[MD] patterns of interaction

MarshaV valkyr at att.net
Mon Jan 30 04:59:45 PST 2012


In mental process, the effects of differences are to be regarded as transforms of the difference which preceded them... [D]ifferences... and their trains of effects in promoting other differences become material of information, redundancy, pattern, and so on. — Bateson, Mind and Nature 

"How then can there be causality without agents?

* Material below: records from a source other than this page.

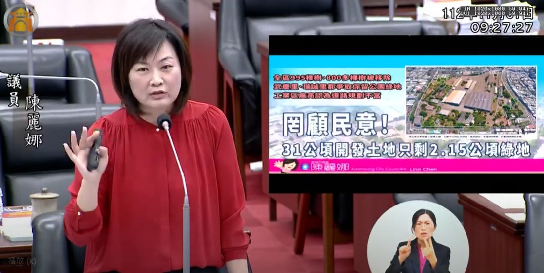 陳麗娜今天質詢都市計畫委會,指出配合鐵路地下化,高雄機廠在2013年搬遷到屏東潮州,原本在鳳山廣達31公頃的舊廠區,台鐵計畫開發再利用。由於高雄市府提出的計畫案,讓綠地變得破碎。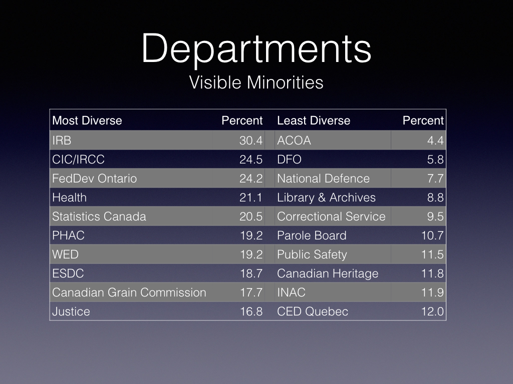 The following Tables 1, 2 and 3 look at the most and least diverse departments, including only those organizations with 250 employees or more, except the Administrative Tribunal Support Service of Canada.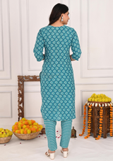 Green Buta Pure Cotton Suit Set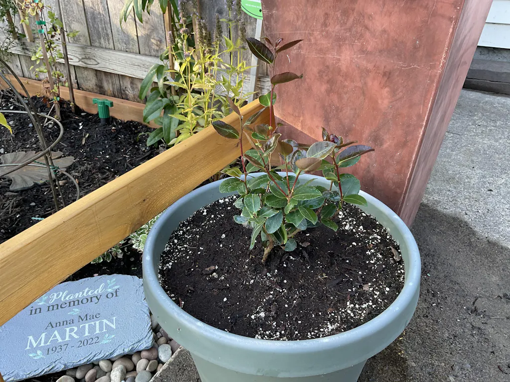- Burgundy new growth adds color even when not in bloom.

And, more specifically, how is it that our sense-faculties came to be receptive to the particular types of stimuli that impinge upon them, which together give rise to our world of experience? Our capacities for such awareness of distinctions did not arise uncaused, nor are they without their own consequences. They developed in dependence upon previous kinds of experience and in turn condition the kinds of experience, the kinds of cognitive awareness, that may arise in the future. The momentary arising of the discernment of differences is thus part of a larger feedback cycle in which "the effects of differences are to be regarded as transforms of the difference which preceded them." These two notions—circular causality, in the form of recursive feedback processes, and epigenesis, wherein the results of previous events serve as the basis for succeeding ones—comprise another area where Buddhist philosophy has much in common with scientific models of causality, particularly those of cognitive science and evolutionary biology. In both perspectives, these models turn our attention away from independent acts of isolated entities and toward particular patterns of interaction that give rise both to immediate forms of cognitive awareness and, in the long run, to the living forms we all embody. That is, this circular causality operates at both micro and macro levels."


      (http://www.gampoabbey.org/documents/Buddhist-Steps.pdf)  



Marsha:
This is a really great paper addressing cognitive experience.  I will not post another quote, but I sincerely hope you read it.